::: RECORD SET :::

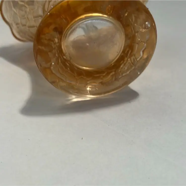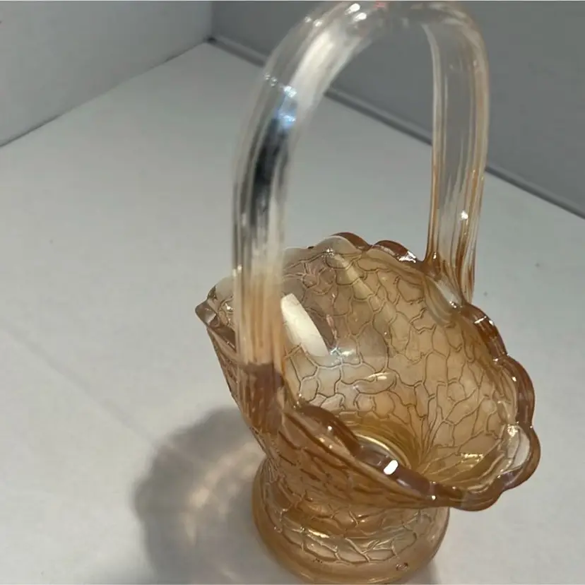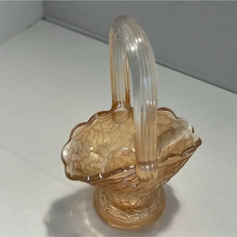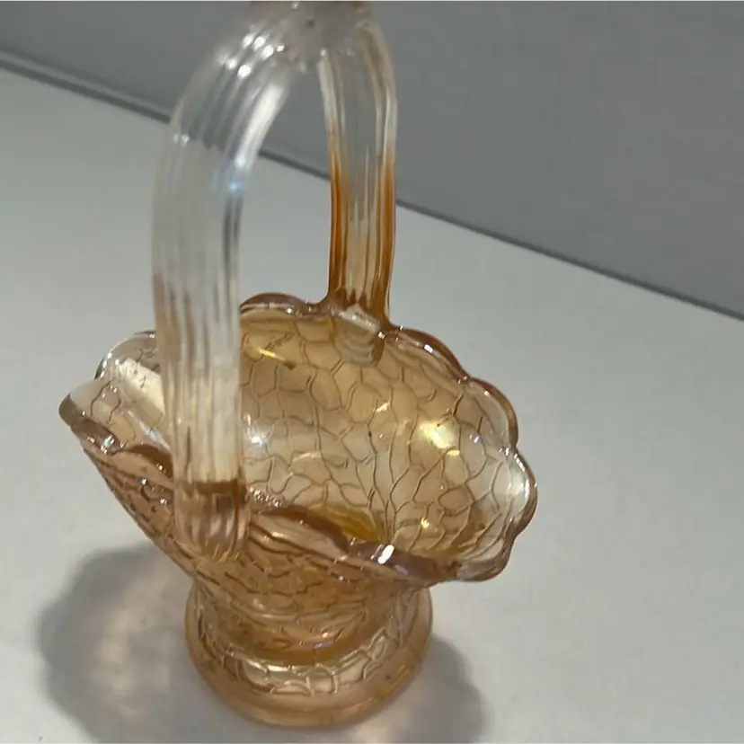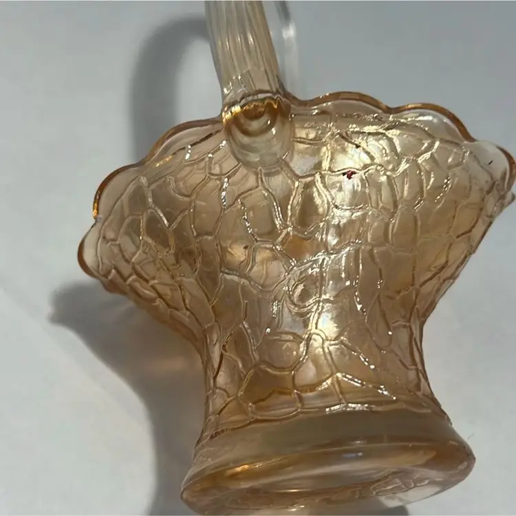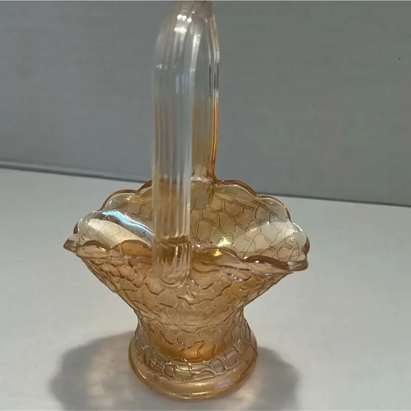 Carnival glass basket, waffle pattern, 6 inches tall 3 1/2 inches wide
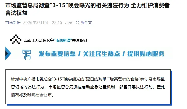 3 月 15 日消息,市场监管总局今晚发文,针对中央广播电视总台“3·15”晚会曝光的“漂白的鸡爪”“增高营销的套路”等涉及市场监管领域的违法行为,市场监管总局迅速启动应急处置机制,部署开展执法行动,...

:::
::: RECORD SET :::

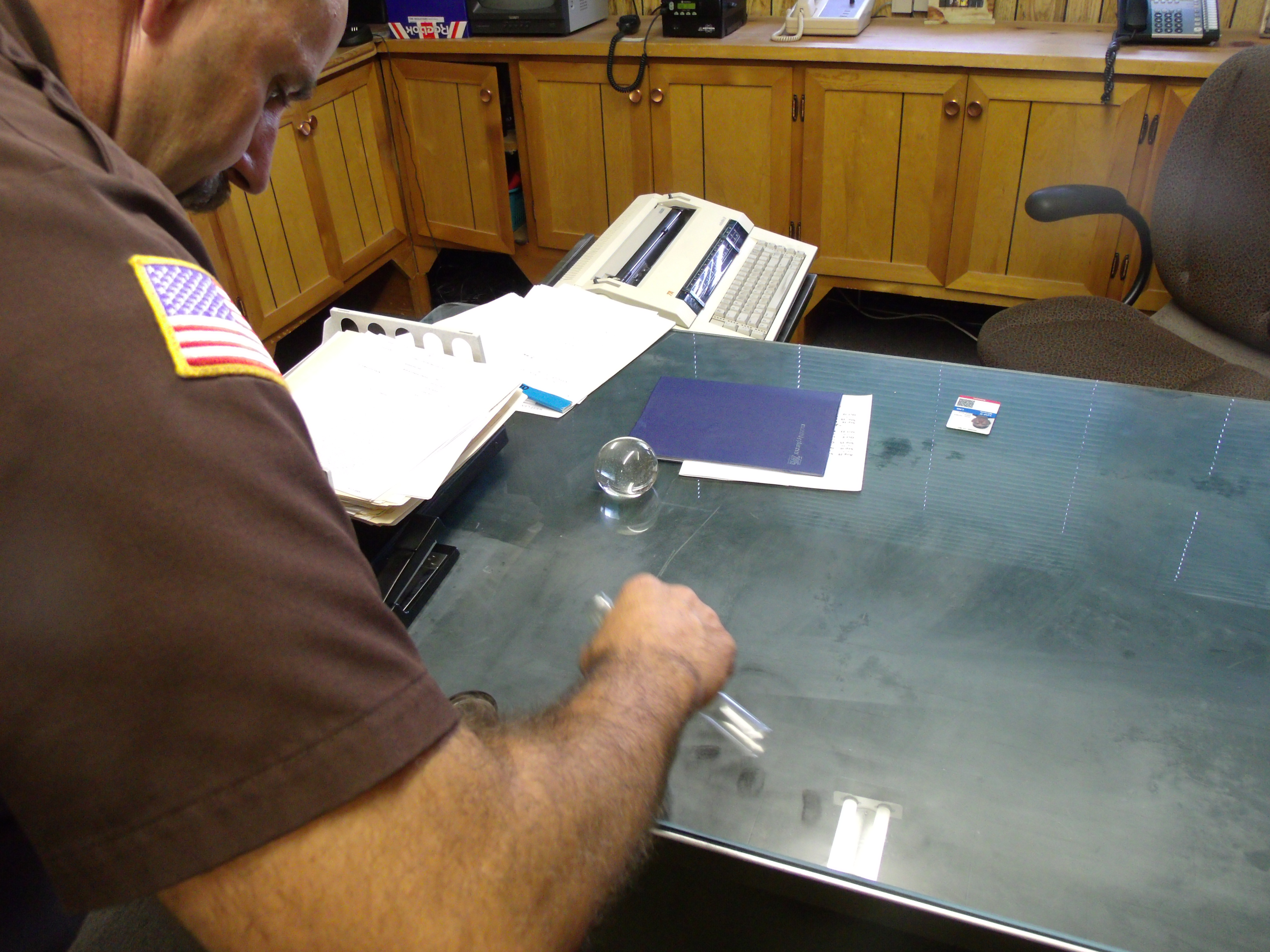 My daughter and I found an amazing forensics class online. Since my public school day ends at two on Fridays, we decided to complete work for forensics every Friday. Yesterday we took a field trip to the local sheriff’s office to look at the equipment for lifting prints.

:::
::: RECORD SET :::

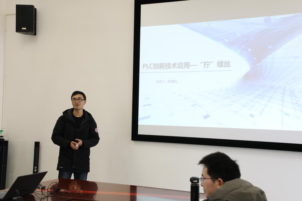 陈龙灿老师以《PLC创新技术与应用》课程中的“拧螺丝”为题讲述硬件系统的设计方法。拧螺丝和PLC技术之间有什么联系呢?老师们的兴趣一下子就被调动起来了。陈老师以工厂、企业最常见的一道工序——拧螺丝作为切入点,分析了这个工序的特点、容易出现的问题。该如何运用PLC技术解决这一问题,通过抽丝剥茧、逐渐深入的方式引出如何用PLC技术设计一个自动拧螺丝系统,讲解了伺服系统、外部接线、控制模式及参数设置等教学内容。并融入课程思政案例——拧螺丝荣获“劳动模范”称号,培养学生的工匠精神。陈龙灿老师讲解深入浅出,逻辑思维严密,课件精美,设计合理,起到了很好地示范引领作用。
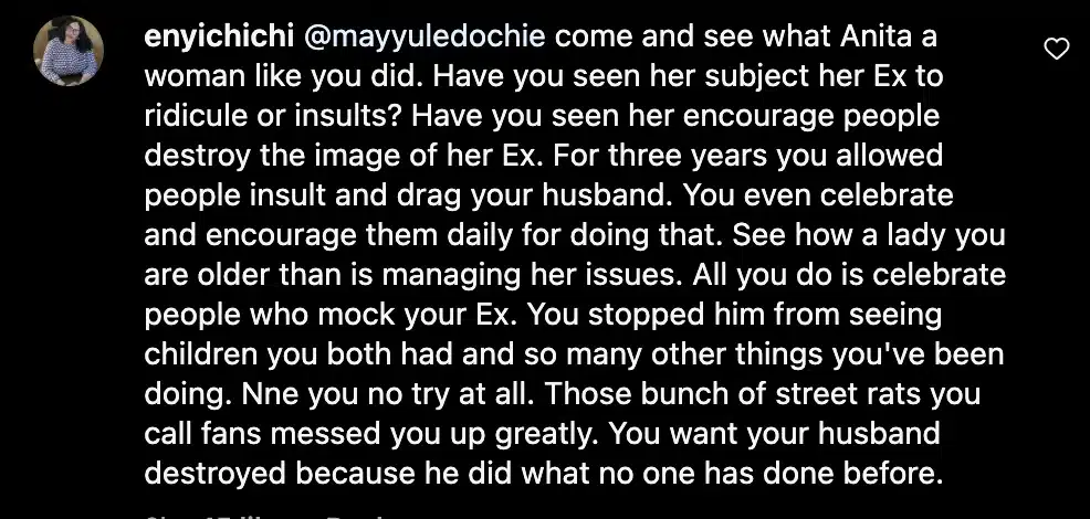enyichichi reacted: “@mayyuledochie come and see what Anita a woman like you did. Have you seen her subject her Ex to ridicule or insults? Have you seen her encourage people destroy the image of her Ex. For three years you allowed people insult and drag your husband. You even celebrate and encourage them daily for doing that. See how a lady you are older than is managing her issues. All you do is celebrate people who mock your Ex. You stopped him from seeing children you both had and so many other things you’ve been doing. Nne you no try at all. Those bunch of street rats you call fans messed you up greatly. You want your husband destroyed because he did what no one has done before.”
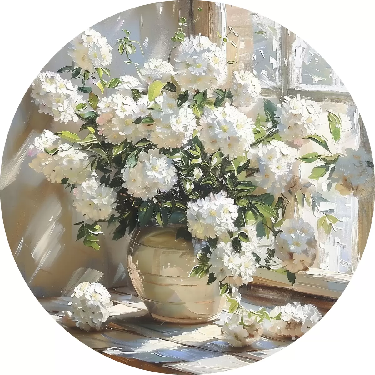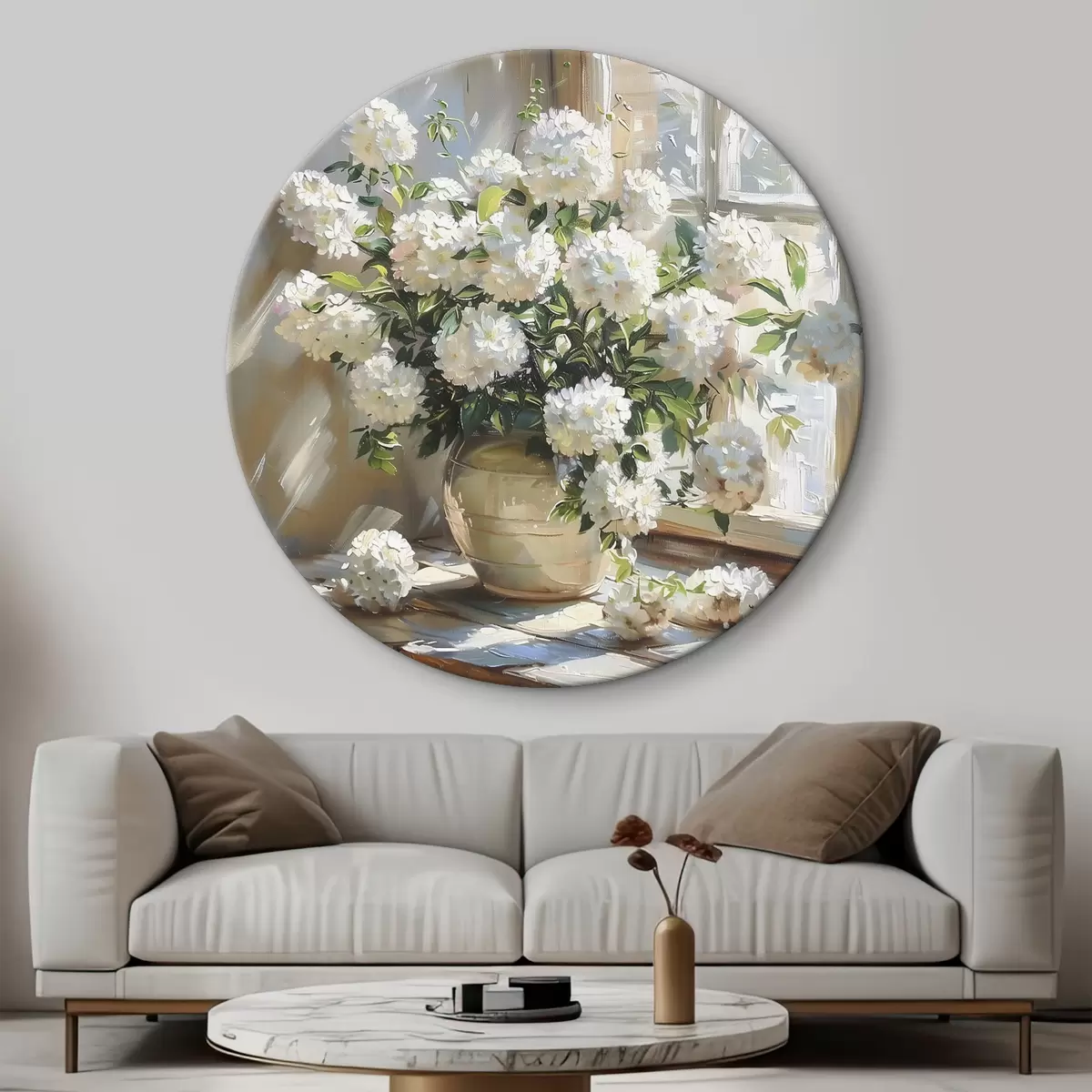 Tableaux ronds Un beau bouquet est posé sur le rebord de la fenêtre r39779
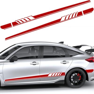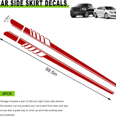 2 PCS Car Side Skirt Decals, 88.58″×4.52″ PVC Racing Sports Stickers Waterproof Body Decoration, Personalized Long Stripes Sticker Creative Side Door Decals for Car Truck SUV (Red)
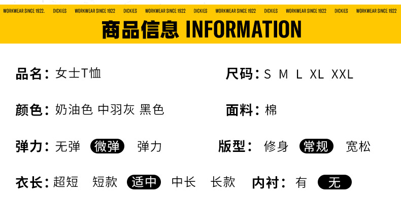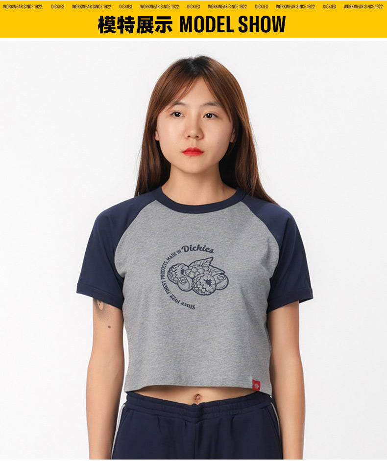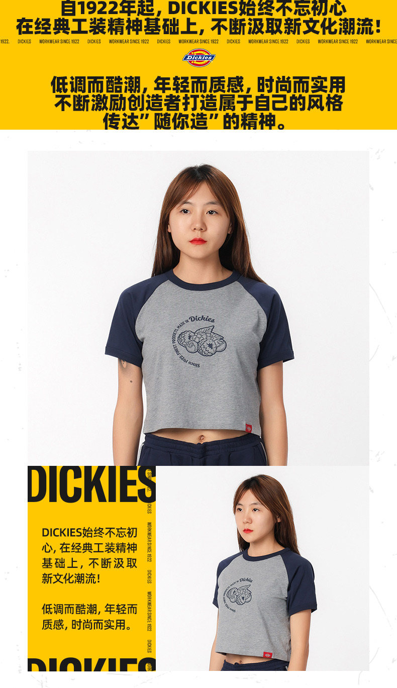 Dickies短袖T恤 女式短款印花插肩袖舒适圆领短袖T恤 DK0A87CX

:::

■ **REQUIRED ACTION**: Reproduce, word for word, only the lines in the records above from the line with "2 PCS Car Side" through the line with "Dickies短袖T恤 女式短款印花插肩袖舒适圆领短袖T恤 DK0A87CX", including both ends; omit the pictures.

■ **RESPONSE TO THE TASK**:
 2 PCS Car Side Skirt Decals, 88.58″×4.52″ PVC Racing Sports Stickers Waterproof Body Decoration, Personalized Long Stripes Sticker Creative Side Door Decals for Car Truck SUV (Red)
 Dickies短袖T恤 女式短款印花插肩袖舒适圆领短袖T恤 DK0A87CX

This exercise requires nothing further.